Don’t forget to share your makeover.
He said it as we loaded up the back of the pickup, sliding in the old trunk before carefully making sure the wooden spindles of the highchair were safely stacked.
I won’t, I chimed back. Sharing is what I do, came the words, whispered under my breath.
We pulled out of the antique shop, our vintage find ready for it’s next journey. The plans were already made. I knew what the final product would be, I just wasn’t exactly sure how I’d get there, yet. Like navigating fresh waters, it was exciting, and yet I had to find my way down the right path. The end result was close, tangible… a white, classic, wooden highchair for my daughter’s first birthday, an ice cream social. A pseudo present for her, and for myself. She needed one, and I wanted something that fit right in with our style (and birthday photos, of course).
It really was easy to accomplish though! As much as I love DIY and makeovers, I’m such a results oriented person at times and don’t typically like to wait forever to see them. So when I say easy, I mean it was easy and fast.
Prep is the key to a good paint job, especially for paint that lasts! Giving your wooden high chair (or any furniture for that matter) a good cleaning helps you to see if there’s any damage that needs to be repaired, frees the wood of any dust or particles that will prevent paint from adhering (yes, it totally happens and it’s NOT fun to deal with after you start painting) and gives you a clean slate to begin.
A damp rag usually does the trick, but Murphy’s Oil Soap or even standard dish soap can work, just make sure you don’t leave the surface soapy.
For our high chair, I also detached all of the hardware prior to cleaning it. If the hardware needs cleaning, just put it in a bath of white vinegar and let it have a good soaking! Ours wasn’t bad, so I just wiped the pieces down and set aside until after painting was complete. This process was so much quicker and easier than trying to “tape-off” the hardware and left us with a clean, more professional finish. Side tip: it doesn’t hurt to take photos of where all the hardware goes, if you have a lot of pieces, it can save you time in the end.
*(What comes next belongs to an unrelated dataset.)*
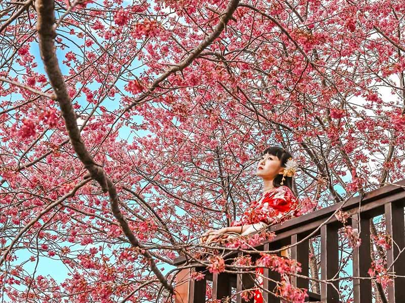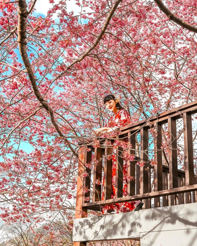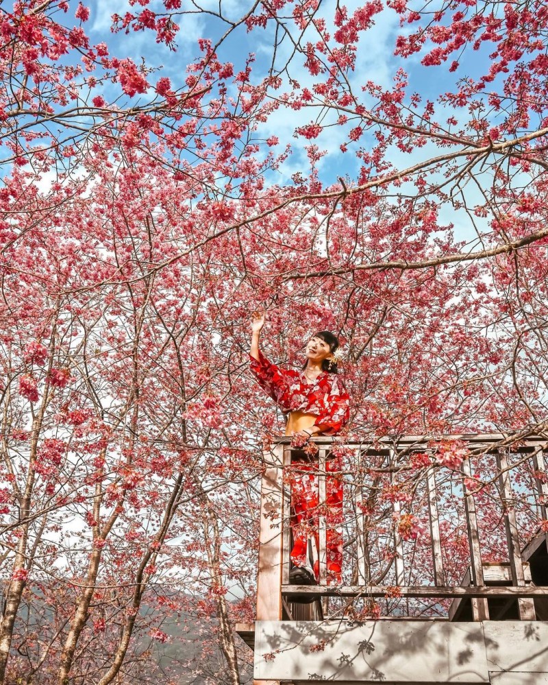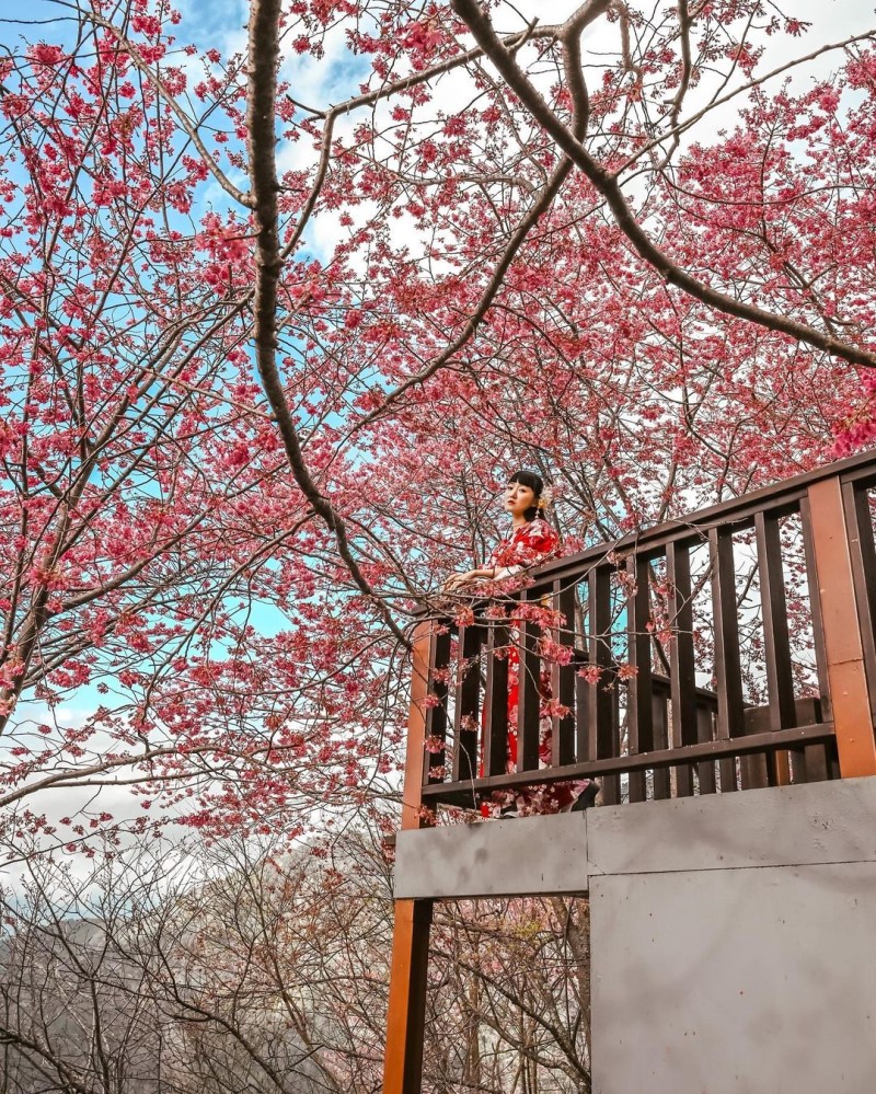 「財伯觀光果園」位於新竹尖石鄉山區,距離賞櫻熱點司馬庫斯大約一小時的路程,不過這裡免管制,也不需事先申請通行證,尤其是今年2022年櫻花花況良好,氣候影響提早進入了盛開期,尤其是此處有一座小平台,站在這裡就可以享受到被粉嫩櫻花包圍的浪漫氛圍,站在平台下由下往上拍則可以欣賞到櫻花盛開到塞滿了整個相機的畫面,搭配藍天白雲,是最佳的賞櫻景點。

Depending on the treatment you’ll be doing to the highchair, and the condition that it’s in, some sanding may be needed. Now remember, I mentioned that this is the easy way to refinish a high chair, but I also want the paint to last and the finish to look complete! If you’re re-staining, then sanding is a must. For a paint job, it may not be necessary.
On our highchair, the tray had layers of previous lacquer that needed to be sanded down, however the rest of the chair was pretty much ready after a good cleaning. I did lightly sand the very top of the highchair (and honestly I think it had to do with all of the grease from being touched over the years; actually kind of gross to think about, ha!), but the rest was ready for paint, even without sanding. The tray however was a process and I actually used an electric sander to get the job done quickly, but a sanding block or piece of sandpaper and some elbow grease will do the trick as well.
After you are finished sanding, make sure to wipe down the chair to remove any last bits of dust.
Priming and Painting
This is where the easy part really comes into play! Instead of priming with a brush and then painting with a brush, we did it all at once with a paint and primer in one spray can… and it was SO easy and so quick… with no brush strokes to worry about. Just make sure to hold the can a few inches away from the surface and give it light, even coats.
While my family splashed and played in the pool, I stole a few moments away for a coat of paint, went back to them for the few minutes that it took to dry in the sun, and repeated the process. Since I was doing the priming and painting all at once, I made sure to do two coats of paint, and in a few areas, I even went over it a third time to give it that smooth, even, high gloss coverage.
Once all the coats of paint were dry, it was time to seal it with a clear coat of lacquer! Because I used another spray can, the job was done quickly and in our Florida sunshine, it dried quickly as well.
Now, as a disclaimer, I will say that because I don’t plan to cut or heat food on the actual high chair tray, I was comfortable using spray paint and lacquer on it. There are food safe options for sealing the highchair if you’d prefer to keep the wood look, however I definitely wanted the white, glossy finish.
Six months later, and our birthday girl’s chair has held up well! I’m so happy and so pleased with the results! Or course, I didn’t do anything special or out of the ordinary for this, I’m just sharing the simple steps I took to achieve the results that I wanted and I have to say, a good cleaning, a light sanding only in the places that needed it (areas that felt sticky or gunky even after cleaning), and spray paint made this an easy task!